● Records for processing
+ + + + + + +
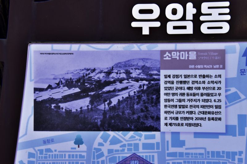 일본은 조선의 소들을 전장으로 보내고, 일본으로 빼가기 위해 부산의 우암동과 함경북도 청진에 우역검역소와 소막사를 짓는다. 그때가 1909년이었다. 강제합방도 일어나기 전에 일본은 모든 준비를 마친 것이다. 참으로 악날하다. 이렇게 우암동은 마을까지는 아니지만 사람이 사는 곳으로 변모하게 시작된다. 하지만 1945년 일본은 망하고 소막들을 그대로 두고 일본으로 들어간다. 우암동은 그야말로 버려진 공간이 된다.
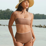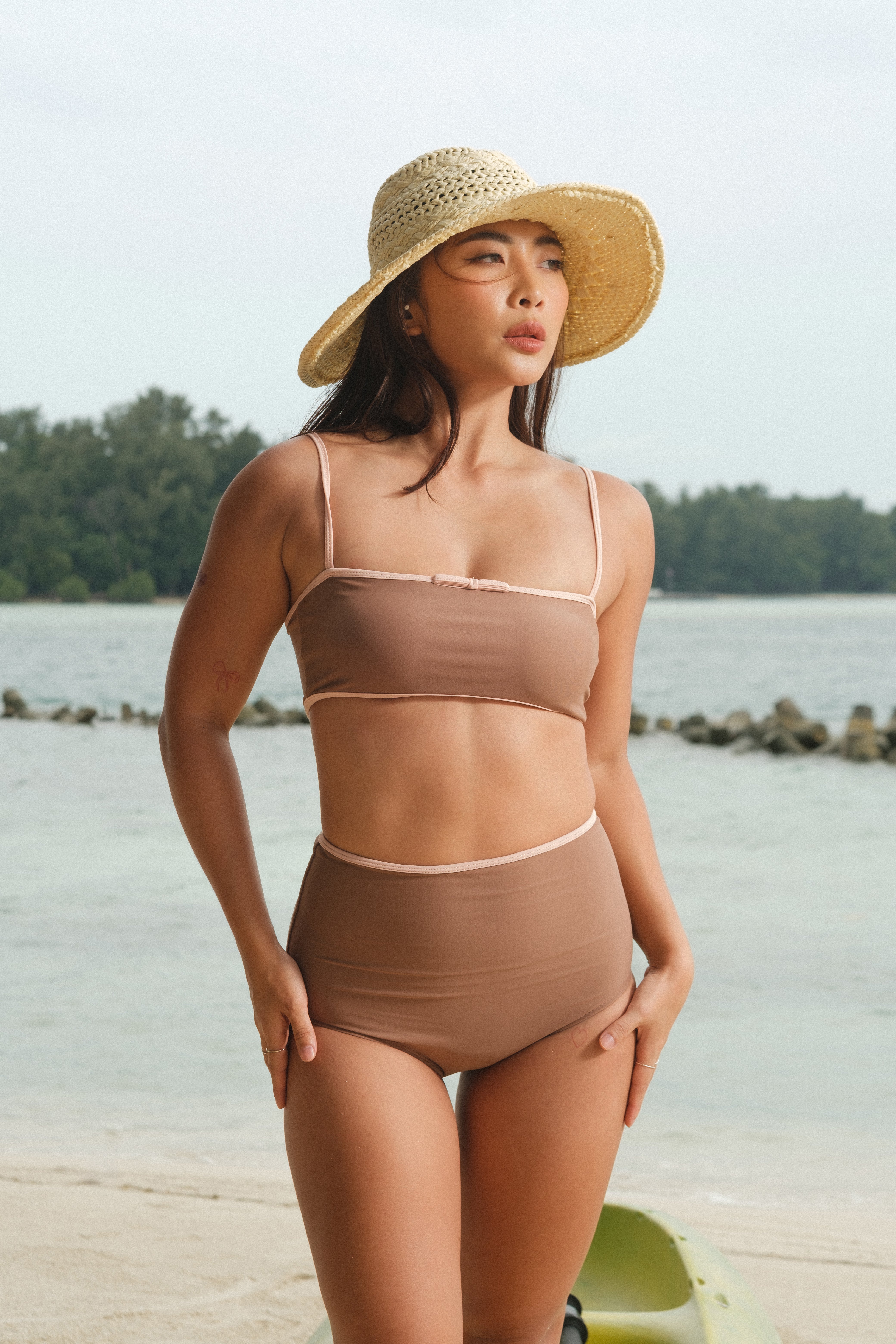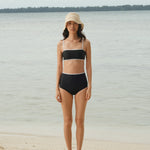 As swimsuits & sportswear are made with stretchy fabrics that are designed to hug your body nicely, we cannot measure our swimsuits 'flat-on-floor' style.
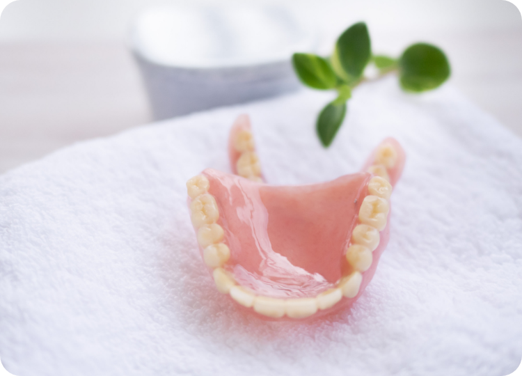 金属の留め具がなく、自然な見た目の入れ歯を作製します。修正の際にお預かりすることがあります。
+ + + + + + +
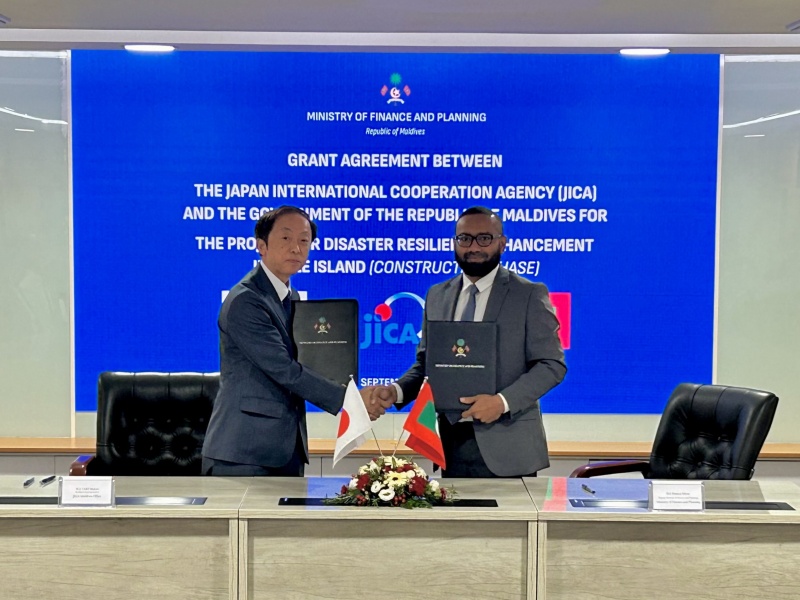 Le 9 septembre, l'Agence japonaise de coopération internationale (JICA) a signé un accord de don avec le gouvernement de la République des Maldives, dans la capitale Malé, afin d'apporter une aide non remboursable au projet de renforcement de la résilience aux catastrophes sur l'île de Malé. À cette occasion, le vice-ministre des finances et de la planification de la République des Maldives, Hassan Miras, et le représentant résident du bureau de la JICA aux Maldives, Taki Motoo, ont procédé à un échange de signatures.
+ + + + + + +
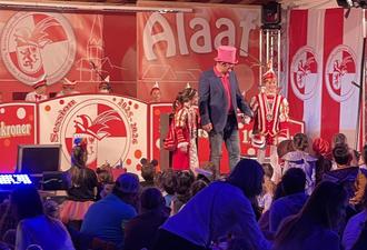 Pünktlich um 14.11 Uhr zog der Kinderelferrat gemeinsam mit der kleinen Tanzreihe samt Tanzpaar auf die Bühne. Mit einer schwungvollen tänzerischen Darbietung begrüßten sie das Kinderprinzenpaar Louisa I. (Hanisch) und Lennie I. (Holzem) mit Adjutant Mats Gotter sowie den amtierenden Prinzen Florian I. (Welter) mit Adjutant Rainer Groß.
+ + + + + + +
● Work task
Drop the pictures; return the lines above from the line containing "일본은 조선의 소들을" to the line containing "金属の留め具がなく、自然な見", both included, exactly.

● Completed task
 일본은 조선의 소들을 전장으로 보내고, 일본으로 빼가기 위해 부산의 우암동과 함경북도 청진에 우역검역소와 소막사를 짓는다. 그때가 1909년이었다. 강제합방도 일어나기 전에 일본은 모든 준비를 마친 것이다. 참으로 악날하다. 이렇게 우암동은 마을까지는 아니지만 사람이 사는 곳으로 변모하게 시작된다. 하지만 1945년 일본은 망하고 소막들을 그대로 두고 일본으로 들어간다. 우암동은 그야말로 버려진 공간이 된다.
 As swimsuits & sportswear are made with stretchy fabrics that are designed to hug your body nicely, we cannot measure our swimsuits 'flat-on-floor' style.
 金属の留め具がなく、自然な見た目の入れ歯を作製します。修正の際にお預かりすることがあります。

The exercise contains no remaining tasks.